A total of 223 students participated in the study. Students were assigned to 1 of 2 study cohorts: (1) control – a traditional, noncollaborative, exam format; (2) collaborative exam only (CEO) – a collaborative format, not requiring answer change justification; and (3) collaborative exam with justification (CEJ) – a collaborative exam format, but requiring justification for answer changes.

Results:

Contrary to expectation (hypothesis 1), there was no significant difference between control and CEO final exam scores (p = .566). However, CEJ final exam scores were statistically greater (hypothesis 2) than the control (p = .010) and CEO (p = .011) scores. There was greater collaboration benefit when answering comprehension than recall questions during topic-specific exams (p = .000), but this did not differentially influence study cohort final exam scores (p = .571, hypothesis 3).

Conclusion:

We conclude that test collaboration with the requirement that students explain the reason for making answer changes is a more effective learning tool than simple collaboration that does not require answer change justification.

Collaborative learning can refer to any instructional method in which students work together in small cohorts toward a common goal.1  Learning strategies in collaborative learning are active and student-centered, with a variety of collaborative learning strategies being shown to promote knowledge and skill acquisition at all grade levels and in multiple professions.24 

Quizzes and examinations are the most common methods of assessing academic achievement and assigning course grades.
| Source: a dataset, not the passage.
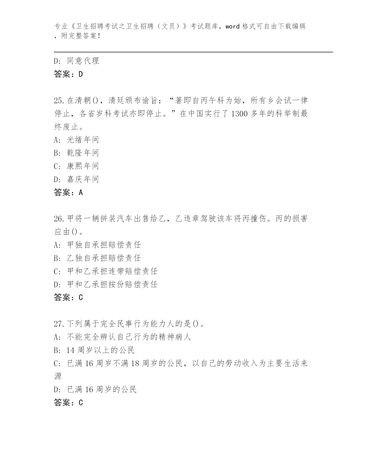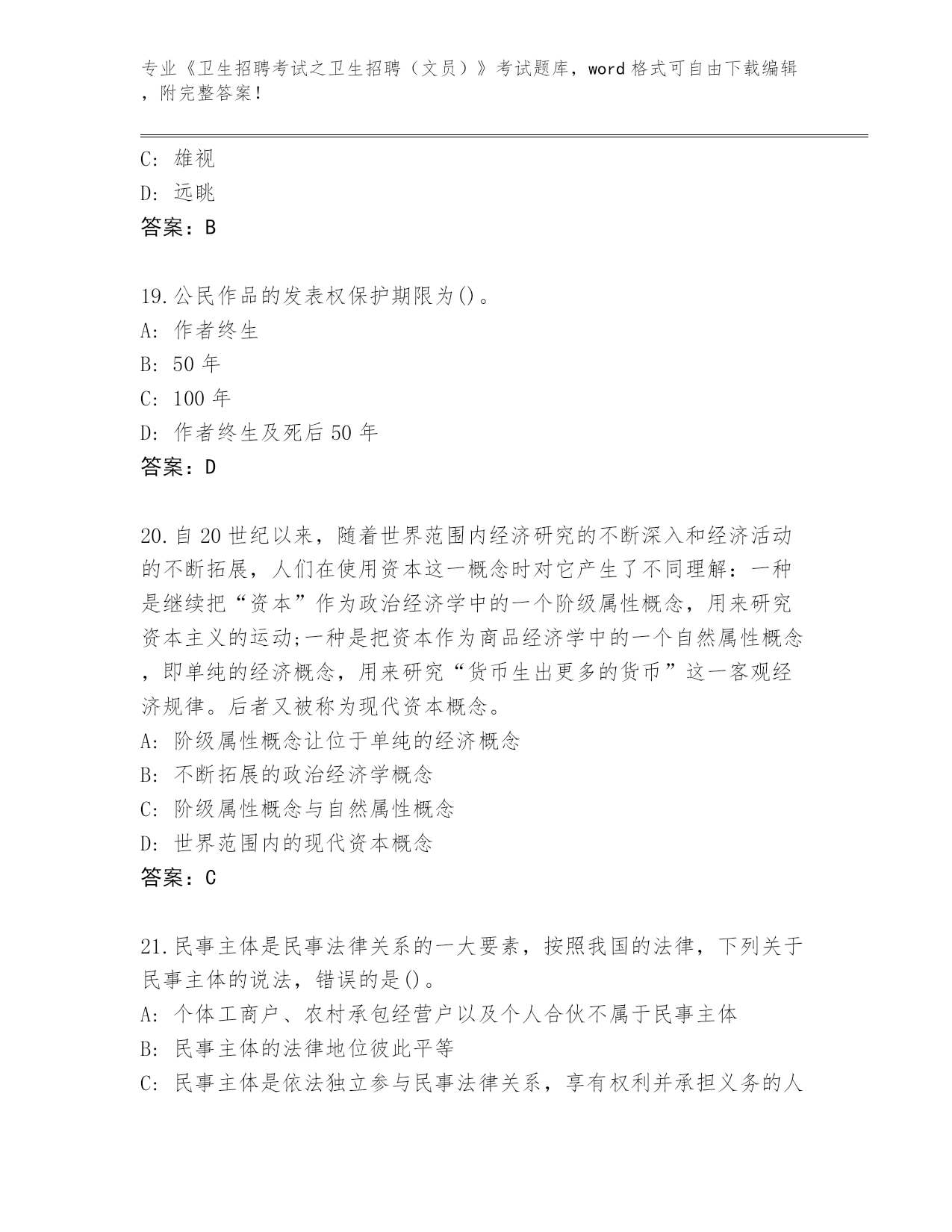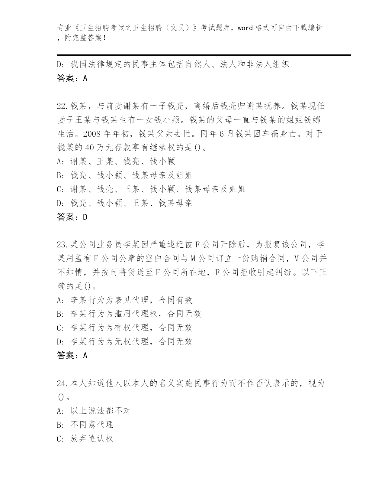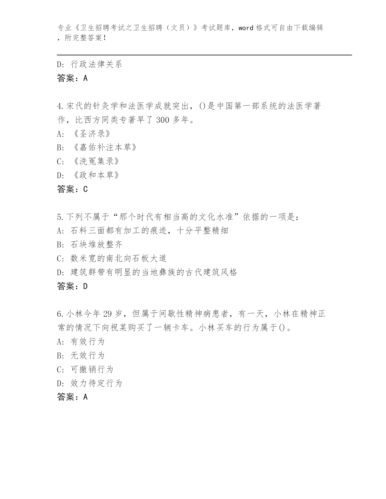 福建省邵武市2024《卫生招聘考试之卫生招聘(文员)》考试必考200题真题附答案【综合卷】

They facilitate learning assessment in a large number of students over a short period of time. The instructor is provided feedback regarding what students have learned, and students discover the scope and depth of their knowledge. Collaborative testing, in which students work together to discuss examination questions and arrive at consensus to test answers, is an extension of collaborative learning that has been reported to decrease test anxiety, and increase critical thinking, communication, and team building skills.5,6  It also has been studied in a wide range of disciplines, including mathematics,7  nursing,8  and language training.9  While examining the effects of collaborative testing on academic performance, 2 chiropractic education studies reported that students involved in collaborative testing achieved higher topical exam scores and course grades compared to noncollaborative testing. However, noncollaborative final exam scores at the end of term were not significantly improved.10,11  Woody et al.12  reported that, although students reported satisfaction with the collaborative model and course performance was improved as a result of participating in cohort testing, material retention was not significantly improved. In addition, students have expressed concerns that unprepared peers may obtain higher scores with collaborative exams by simply copying answers.13 

In consideration of these studies, we were interested in evaluating the summative and formative use of collaborative exams in a chiropractic education program. We hypothesized that: (1) Collaborative topic-specific tests during the course will enhance student performance on a noncollaborative, cumulative final exam administered at the end-of-term, compared to a control cohort of students given traditional (noncollaborative) topic-specific exams during the course. (2) Requiring students to provide reasons for changing answers during collaborative topical exams will further enhance performance on the cumulative final exam administered at the end-of-term. (3) There will be a differential final exam question-type effect across the collaboration study cohorts (Collaborative Exam Only [CEO] and Collaborative Exam with Justification [CEJ]), with substantially greater score increases, compared to the control cohort, for comprehension versus recall questions.

Student Participants

The Palmer College of Chiropractic institutional review board granted this educational method study an exemption from formal review, and permission was obtained from all students to use deidentified performance assessments for this study and subsequent publications. A sample size calculation was performed for an anticipated 5%-point change in cumulative final exam scores (our primary outcome). We considered this to be a meaningful change in exam performance, representing a 0.4 effect size (Cohen's d). Consequently, the required cohort sample size (n, at 2-tailed α = .05 and β = .80) was estimated to be n = 60 students/cohort.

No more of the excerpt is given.